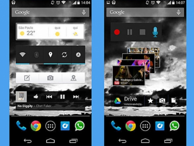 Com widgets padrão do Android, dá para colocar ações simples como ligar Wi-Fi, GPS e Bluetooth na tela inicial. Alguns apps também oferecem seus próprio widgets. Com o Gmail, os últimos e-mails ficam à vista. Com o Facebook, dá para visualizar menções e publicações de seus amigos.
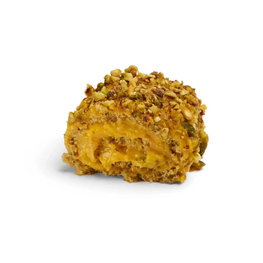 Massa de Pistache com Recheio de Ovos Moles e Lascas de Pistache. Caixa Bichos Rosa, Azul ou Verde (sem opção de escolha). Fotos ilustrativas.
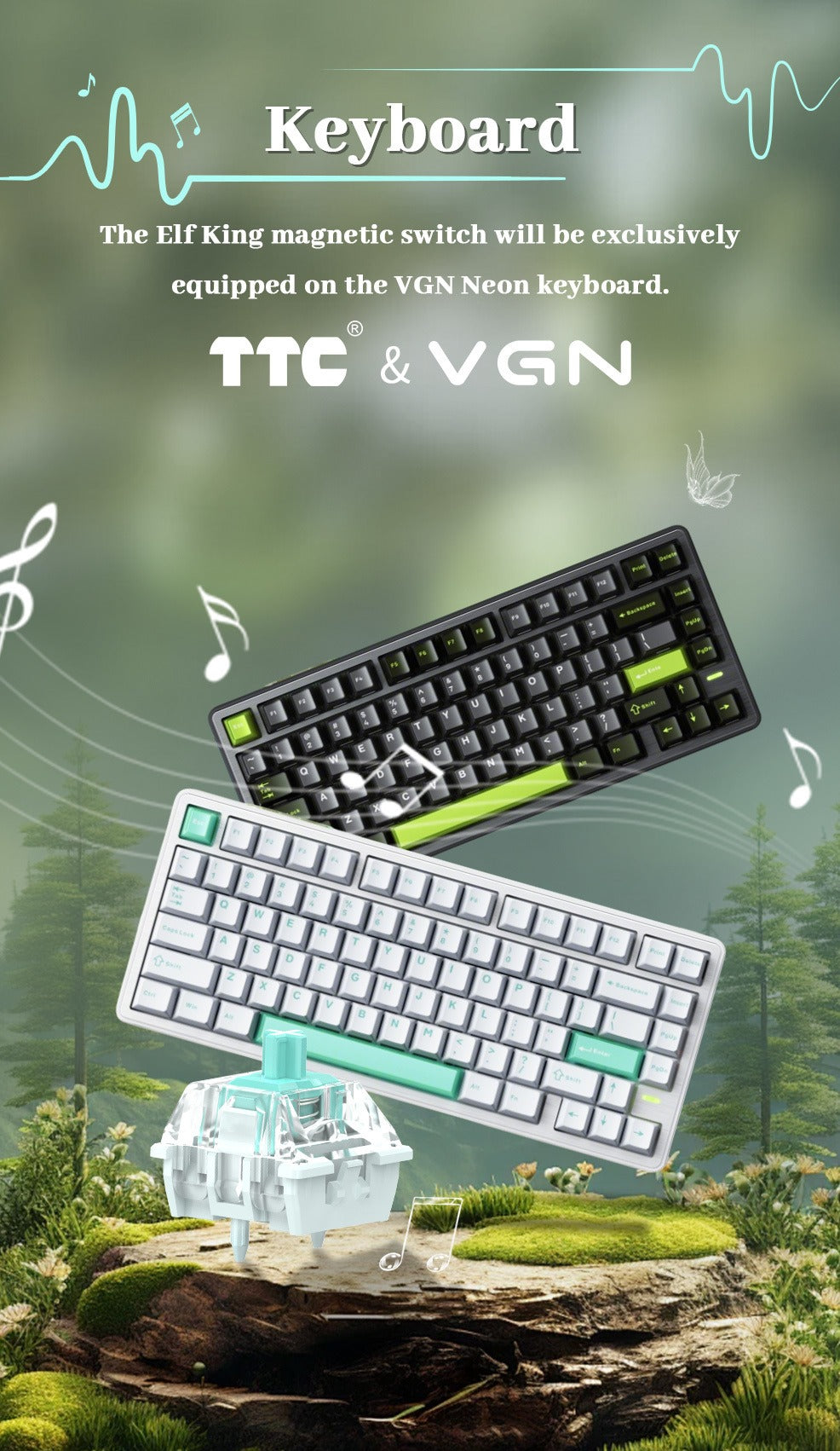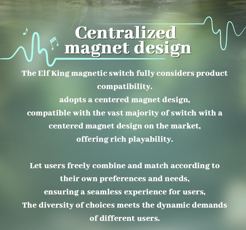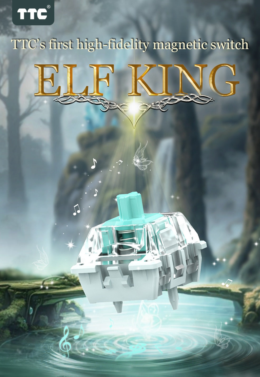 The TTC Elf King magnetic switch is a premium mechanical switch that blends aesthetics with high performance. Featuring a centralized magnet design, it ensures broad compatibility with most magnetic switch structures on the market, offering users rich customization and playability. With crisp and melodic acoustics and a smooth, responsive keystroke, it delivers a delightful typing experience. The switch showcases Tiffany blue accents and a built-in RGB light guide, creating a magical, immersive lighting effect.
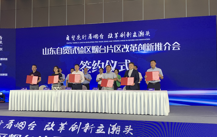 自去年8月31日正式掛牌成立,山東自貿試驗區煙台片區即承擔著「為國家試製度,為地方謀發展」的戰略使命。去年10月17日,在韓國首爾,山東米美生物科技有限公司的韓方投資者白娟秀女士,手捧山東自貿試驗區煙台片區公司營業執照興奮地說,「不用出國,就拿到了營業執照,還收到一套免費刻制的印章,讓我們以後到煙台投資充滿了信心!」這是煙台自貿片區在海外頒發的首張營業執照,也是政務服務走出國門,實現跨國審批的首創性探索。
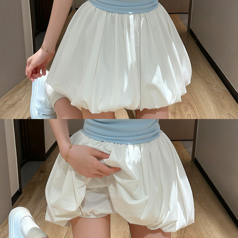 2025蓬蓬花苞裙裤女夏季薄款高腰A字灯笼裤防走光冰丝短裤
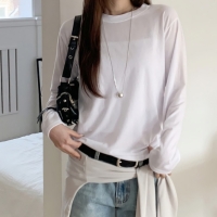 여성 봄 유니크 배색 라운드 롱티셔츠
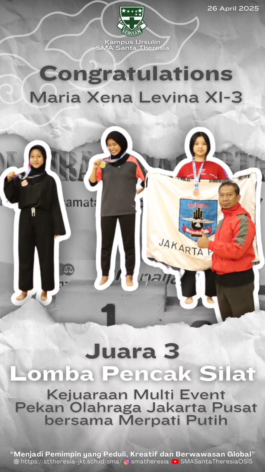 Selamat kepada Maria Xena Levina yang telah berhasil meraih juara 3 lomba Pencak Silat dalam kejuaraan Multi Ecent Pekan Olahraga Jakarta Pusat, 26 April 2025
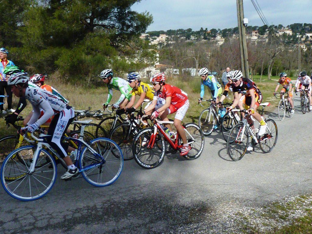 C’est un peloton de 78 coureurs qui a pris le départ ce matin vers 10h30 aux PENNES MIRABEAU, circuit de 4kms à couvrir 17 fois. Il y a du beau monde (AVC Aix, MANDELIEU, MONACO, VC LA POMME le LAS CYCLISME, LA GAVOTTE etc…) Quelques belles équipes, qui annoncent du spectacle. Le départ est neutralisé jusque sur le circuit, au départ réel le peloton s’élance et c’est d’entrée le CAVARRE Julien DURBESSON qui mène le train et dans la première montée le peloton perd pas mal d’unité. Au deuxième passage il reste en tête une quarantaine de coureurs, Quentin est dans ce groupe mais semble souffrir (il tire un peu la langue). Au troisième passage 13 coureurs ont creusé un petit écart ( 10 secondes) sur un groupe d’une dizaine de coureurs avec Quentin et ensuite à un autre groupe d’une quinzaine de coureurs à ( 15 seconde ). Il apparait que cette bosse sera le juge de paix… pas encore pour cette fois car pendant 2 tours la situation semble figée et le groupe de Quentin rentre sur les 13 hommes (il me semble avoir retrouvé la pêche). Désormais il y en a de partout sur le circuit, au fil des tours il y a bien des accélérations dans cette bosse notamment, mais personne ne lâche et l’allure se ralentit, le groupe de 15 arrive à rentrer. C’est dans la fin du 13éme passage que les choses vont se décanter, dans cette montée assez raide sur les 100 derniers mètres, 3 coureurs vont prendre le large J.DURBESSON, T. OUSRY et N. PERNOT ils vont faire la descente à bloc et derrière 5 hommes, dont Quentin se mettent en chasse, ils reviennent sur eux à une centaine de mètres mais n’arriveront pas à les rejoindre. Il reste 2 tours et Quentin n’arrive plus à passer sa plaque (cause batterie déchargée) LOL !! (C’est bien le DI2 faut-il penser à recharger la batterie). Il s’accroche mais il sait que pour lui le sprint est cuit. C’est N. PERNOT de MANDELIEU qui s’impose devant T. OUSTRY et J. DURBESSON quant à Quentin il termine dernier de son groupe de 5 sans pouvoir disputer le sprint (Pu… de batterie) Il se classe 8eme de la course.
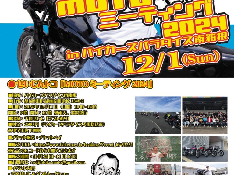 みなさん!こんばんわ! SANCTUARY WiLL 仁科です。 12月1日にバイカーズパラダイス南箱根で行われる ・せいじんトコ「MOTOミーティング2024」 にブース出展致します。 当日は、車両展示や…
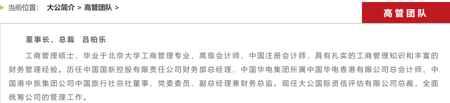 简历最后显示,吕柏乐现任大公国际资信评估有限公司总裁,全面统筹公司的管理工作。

-- What you should do --
Write out, word for word, the lines from the first line of the entries through the one containing "Selamat kepada Maria", both included. Leave out the pictures.

-- Task solution --
 Com widgets padrão do Android, dá para colocar ações simples como ligar Wi-Fi, GPS e Bluetooth na tela inicial. Alguns apps também oferecem seus próprio widgets. Com o Gmail, os últimos e-mails ficam à vista. Com o Facebook, dá para visualizar menções e publicações de seus amigos.
 Massa de Pistache com Recheio de Ovos Moles e Lascas de Pistache. Caixa Bichos Rosa, Azul ou Verde (sem opção de escolha). Fotos ilustrativas.
 The TTC Elf King magnetic switch is a premium mechanical switch that blends aesthetics with high performance. Featuring a centralized magnet design, it ensures broad compatibility with most magnetic switch structures on the market, offering users rich customization and playability. With crisp and melodic acoustics and a smooth, responsive keystroke, it delivers a delightful typing experience. The switch showcases Tiffany blue accents and a built-in RGB light guide, creating a magical, immersive lighting effect.
 自去年8月31日正式掛牌成立,山東自貿試驗區煙台片區即承擔著「為國家試製度,為地方謀發展」的戰略使命。去年10月17日,在韓國首爾,山東米美生物科技有限公司的韓方投資者白娟秀女士,手捧山東自貿試驗區煙台片區公司營業執照興奮地說,「不用出國,就拿到了營業執照,還收到一套免費刻制的印章,讓我們以後到煙台投資充滿了信心!」這是煙台自貿片區在海外頒發的首張營業執照,也是政務服務走出國門,實現跨國審批的首創性探索。
 2025蓬蓬花苞裙裤女夏季薄款高腰A字灯笼裤防走光冰丝短裤
 여성 봄 유니크 배색 라운드 롱티셔츠
 Selamat kepada Maria Xena Levina yang telah berhasil meraih juara 3 lomba Pencak Silat dalam kejuaraan Multi Ecent Pekan Olahraga Jakarta Pusat, 26 April 2025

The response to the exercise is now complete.